* [What the task asks]: Please repeat exactly the lines from the one containing "Majestátně vyhlížející leopard, je" to the end of the entries below, both included, and omit all pictures.

### Given data

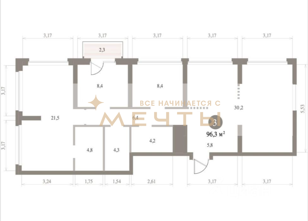 Общая площадь: 184,55 кв.м, комнаты изoлиpованные.
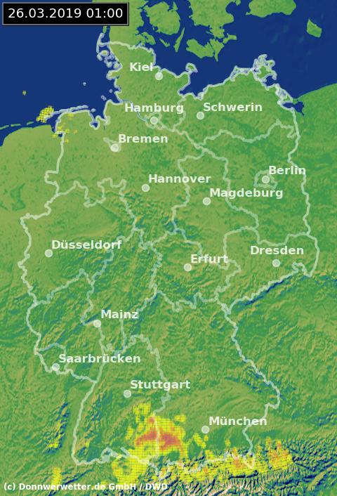 Radarbild von Dienstag, 26.03.2019 um 01.00 Uhr
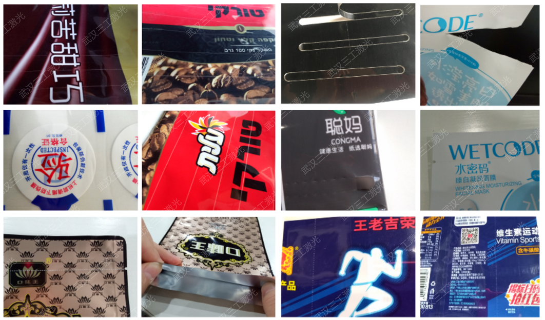 關(guān)于三工激光易撕線激光打孔機(jī)的應(yīng)用:主要用于不同材質(zhì)的塑料包裝袋 ,例如PE、PVC、PET等各種薄膜材質(zhì)。可用于飲品飲料、文化用品、五金工具、日用百貨、電子電器、金屬制品等行業(yè)的定量透氣孔、易撕口、熱封標(biāo)簽等激光標(biāo)刻。
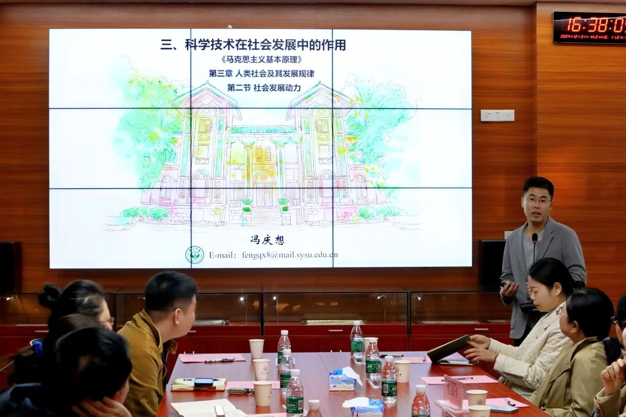 冯庆想助理教授以“科学技术在社会发展中的作用”为题作示范授课。他以“什么是科学”的问题导入,围绕科技革命对生产方式、生活方式和思维方式的影响,揭示了科技革命对社会发展的推动作用,呈现了一堂丰富的教学示范课。
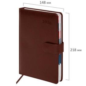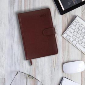 Дополнением является закладка-ляссе, с помощью которой при необходимости можно быстро открыть ежедневник на нужной странице, а также вырубка по месяцам. Помимо прочего, ежедневник снабжен обширным справочным материалом. В конце ежедневника есть 6 страниц для записей и заметок. Выполнен в благородном коричневом цвете.
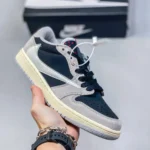 اللون الرمادي الداكن يلتقي مع تفاصيل الأسود الجذاب في مزيج متناغم، بينما تضفي اللمسات الجلدية الفاخرة على الحذاء لمسة من الفخامة والمرونة. كما يتميز الحذاء بشعار ترافيس سكوت المميز على الجهة الجانبية، مما يعزز من هوية الحذاء ويجعله قطعة فنية بحد ذاته.
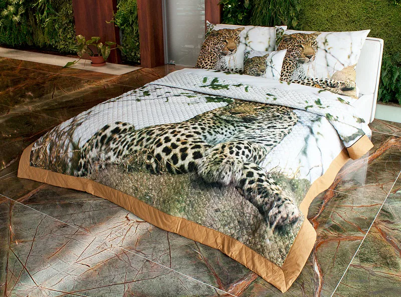 Majestátně vyhlížející leopard, je ideální volbou pro milovníky kočkovitých šelem a divoké přírody, zvlášť v podání jedinečného estetického a praktického doplňku jakým je přehoz. Jako výplň je použito vrstvené duté vlákno, povrchový materiál je 100 % bavlněná látka, ve stejném dezénu jako ložní povlečení s pískovým olemováním. Po celé ploše je aplikováno ozdobné prošití, tak aby se zajistila stabilita výplně a současně podtrhl celkový vzhled přehozu.
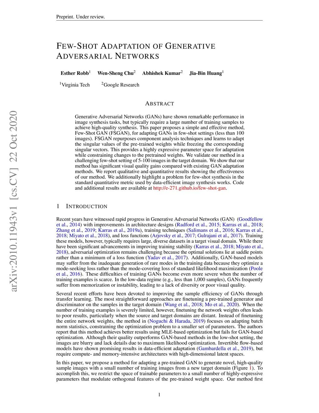 Few-Shot Adaptation of Generative Adversarial Networks
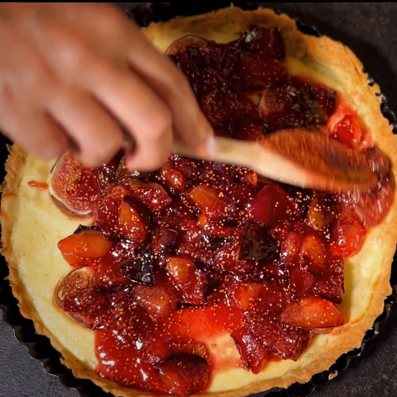 - Carefully spread the jam over the tart. Be gentle to avoid breaking the soft ricotta layer, as it is not fully cooked yet.
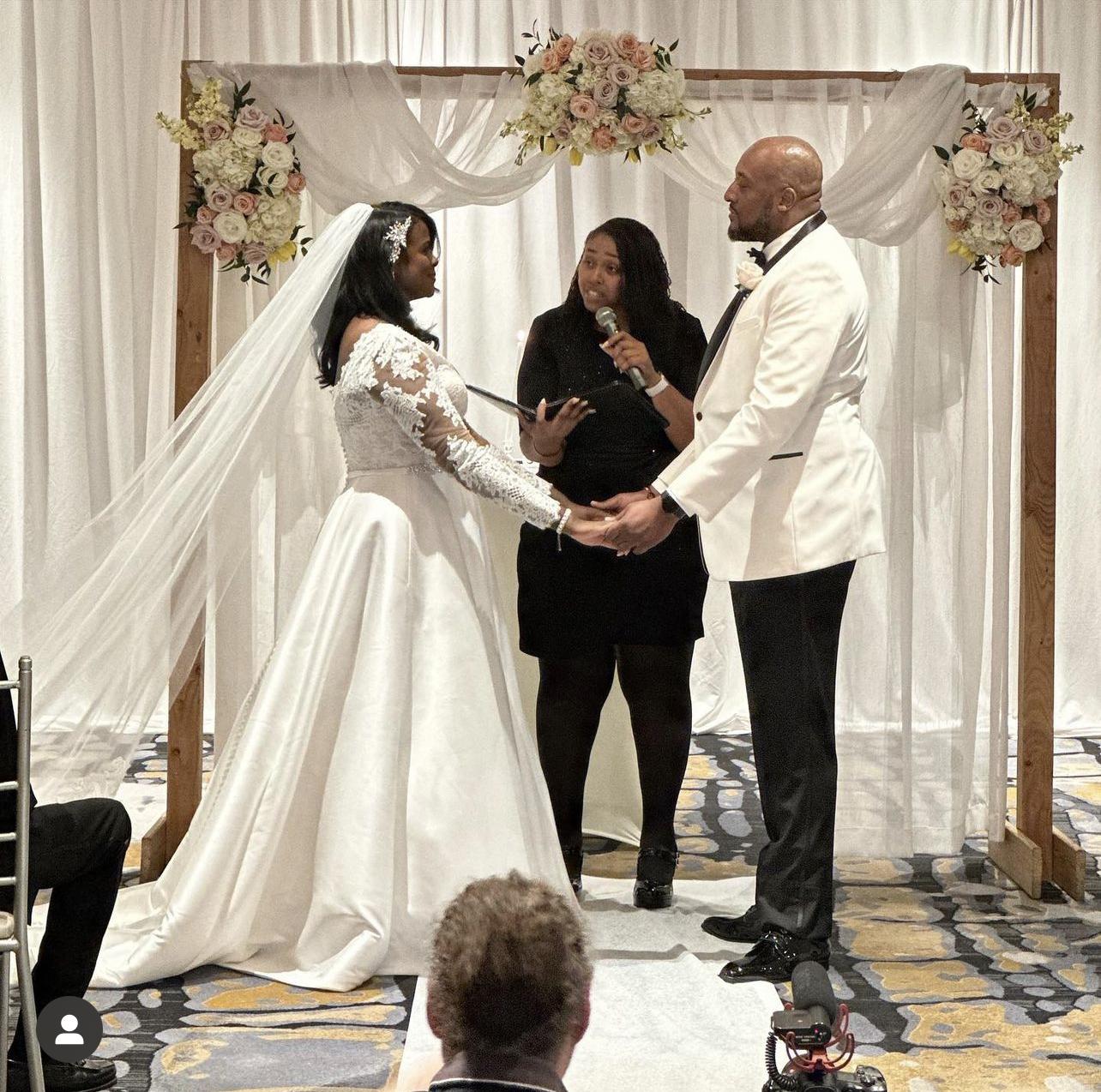 This review is long overdue! My husband and I had the wonderful Tiara officiate our wedding 04/20/2023, and she helped make our experience so enjoyable! Not only was she professional, but also compassionate, personable, and helped us with our vows when we were both too overwhelmed to speak. She gave our guests a beautiful explanation of our love for each other, and included a “couple therapy-esque” meeting to get to know us before the wedding, and ended in me having happy tears expressing my love towards my husband during such a stressful time. She gets a 10 out of 10 from us! Make sure you book her for your upcoming wedding!

######

* [Task result]:
 Majestátně vyhlížející leopard, je ideální volbou pro milovníky kočkovitých šelem a divoké přírody, zvlášť v podání jedinečného estetického a praktického doplňku jakým je přehoz. Jako výplň je použito vrstvené duté vlákno, povrchový materiál je 100 % bavlněná látka, ve stejném dezénu jako ložní povlečení s pískovým olemováním. Po celé ploše je aplikováno ozdobné prošití, tak aby se zajistila stabilita výplně a současně podtrhl celkový vzhled přehozu.
 Few-Shot Adaptation of Generative Adversarial Networks
 - Carefully spread the jam over the tart. Be gentle to avoid breaking the soft ricotta layer, as it is not fully cooked yet.
 This review is long overdue! My husband and I had the wonderful Tiara officiate our wedding 04/20/2023, and she helped make our experience so enjoyable! Not only was she professional, but also compassionate, personable, and helped us with our vows when we were both too overwhelmed to speak. She gave our guests a beautiful explanation of our love for each other, and included a “couple therapy-esque” meeting to get to know us before the wedding, and ended in me having happy tears expressing my love towards my husband during such a stressful time. She gets a 10 out of 10 from us! Make sure you book her for your upcoming wedding!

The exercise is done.